_Problem requirements_. The required output is the stretch from the line containing "Solved (a) Calculate" through the line containing "Serene woman with" in the records below, unaltered and with no pictures.

_Supplied information_.
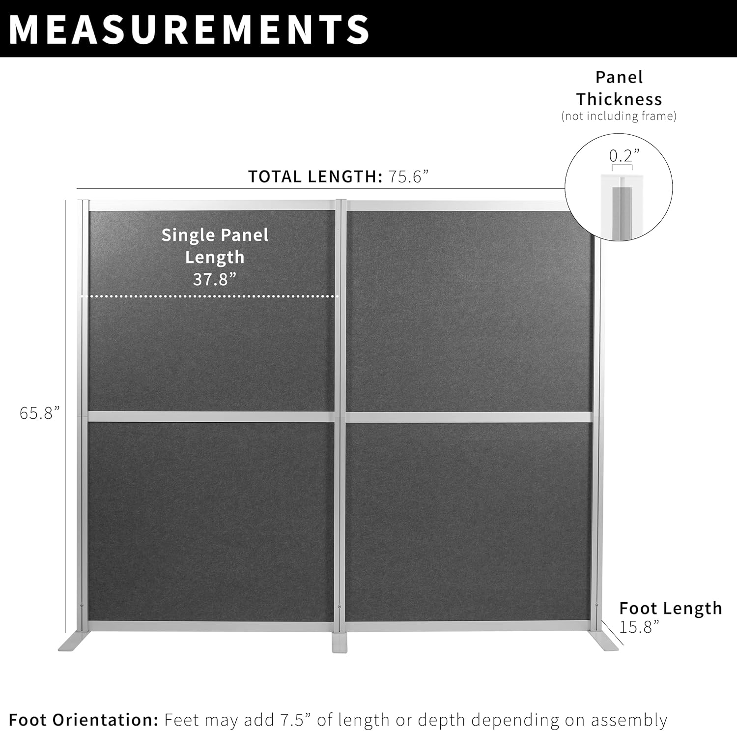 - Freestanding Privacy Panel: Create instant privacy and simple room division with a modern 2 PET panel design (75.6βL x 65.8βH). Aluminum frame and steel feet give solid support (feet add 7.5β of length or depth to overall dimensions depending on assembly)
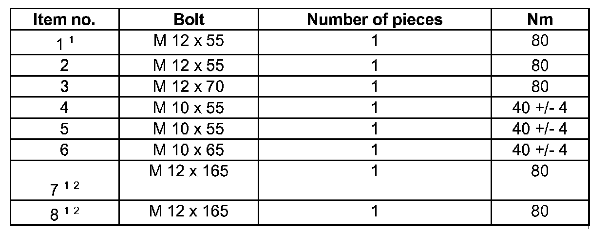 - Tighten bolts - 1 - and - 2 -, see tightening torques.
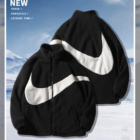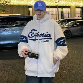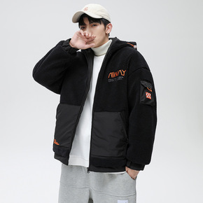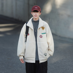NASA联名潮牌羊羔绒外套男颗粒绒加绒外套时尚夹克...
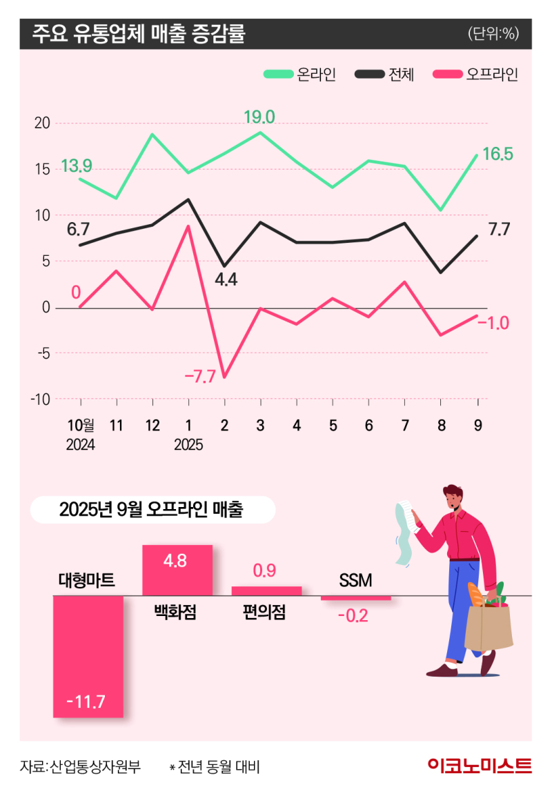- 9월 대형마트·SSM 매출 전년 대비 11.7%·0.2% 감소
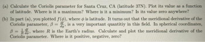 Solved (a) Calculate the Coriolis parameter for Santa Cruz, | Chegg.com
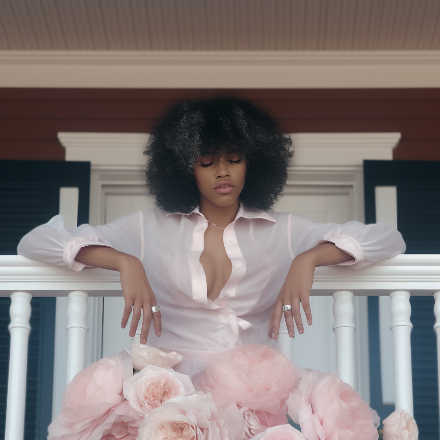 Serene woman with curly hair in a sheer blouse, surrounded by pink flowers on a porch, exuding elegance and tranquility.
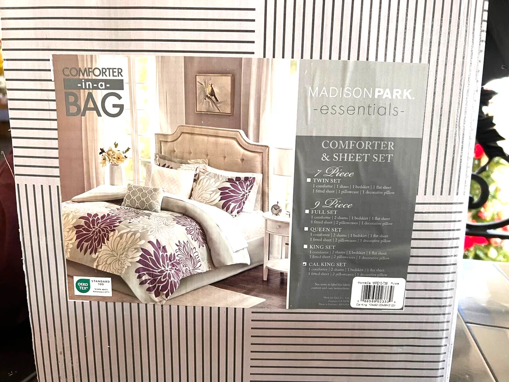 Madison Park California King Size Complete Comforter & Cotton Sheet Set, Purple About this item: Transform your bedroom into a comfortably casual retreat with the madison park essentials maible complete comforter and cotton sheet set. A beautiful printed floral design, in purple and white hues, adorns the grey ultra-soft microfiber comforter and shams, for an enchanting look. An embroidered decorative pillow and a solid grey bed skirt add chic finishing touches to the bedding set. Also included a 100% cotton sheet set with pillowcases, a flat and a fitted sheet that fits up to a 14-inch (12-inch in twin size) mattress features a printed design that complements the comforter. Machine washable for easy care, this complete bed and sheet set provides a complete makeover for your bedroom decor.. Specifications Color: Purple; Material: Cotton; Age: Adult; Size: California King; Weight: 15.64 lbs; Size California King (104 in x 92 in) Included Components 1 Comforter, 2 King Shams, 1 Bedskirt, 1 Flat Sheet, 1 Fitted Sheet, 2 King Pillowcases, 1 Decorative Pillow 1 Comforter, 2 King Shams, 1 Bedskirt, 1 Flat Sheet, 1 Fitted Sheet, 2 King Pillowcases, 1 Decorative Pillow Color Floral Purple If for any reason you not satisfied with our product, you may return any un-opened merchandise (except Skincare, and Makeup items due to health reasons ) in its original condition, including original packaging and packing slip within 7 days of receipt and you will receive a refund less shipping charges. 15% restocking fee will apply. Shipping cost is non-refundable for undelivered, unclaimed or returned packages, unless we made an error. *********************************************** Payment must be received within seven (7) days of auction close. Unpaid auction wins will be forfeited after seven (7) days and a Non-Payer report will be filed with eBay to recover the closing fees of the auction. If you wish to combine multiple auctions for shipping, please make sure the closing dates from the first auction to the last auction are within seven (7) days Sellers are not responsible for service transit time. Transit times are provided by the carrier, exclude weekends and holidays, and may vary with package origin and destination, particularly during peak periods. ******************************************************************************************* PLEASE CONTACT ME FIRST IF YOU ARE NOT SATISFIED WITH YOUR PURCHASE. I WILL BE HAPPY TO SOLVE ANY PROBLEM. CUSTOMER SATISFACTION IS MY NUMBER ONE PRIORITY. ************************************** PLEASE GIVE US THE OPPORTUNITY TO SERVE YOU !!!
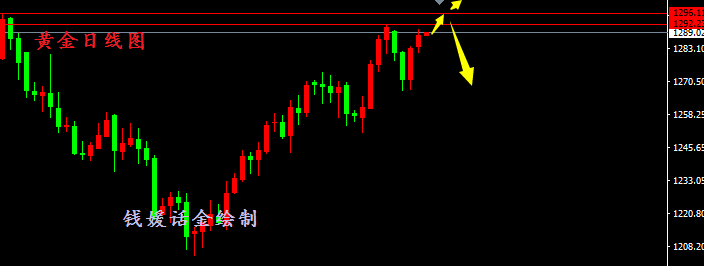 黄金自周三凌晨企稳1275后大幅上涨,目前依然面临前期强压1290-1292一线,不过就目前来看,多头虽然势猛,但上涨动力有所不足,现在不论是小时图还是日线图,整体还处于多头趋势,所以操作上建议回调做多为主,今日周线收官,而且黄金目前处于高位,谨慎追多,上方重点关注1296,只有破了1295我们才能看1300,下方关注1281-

_Answer space_.
 Solved (a) Calculate the Coriolis parameter for Santa Cruz, | Chegg.com
 Serene woman with curly hair in a sheer blouse, surrounded by pink flowers on a porch, exuding elegance and tranquility.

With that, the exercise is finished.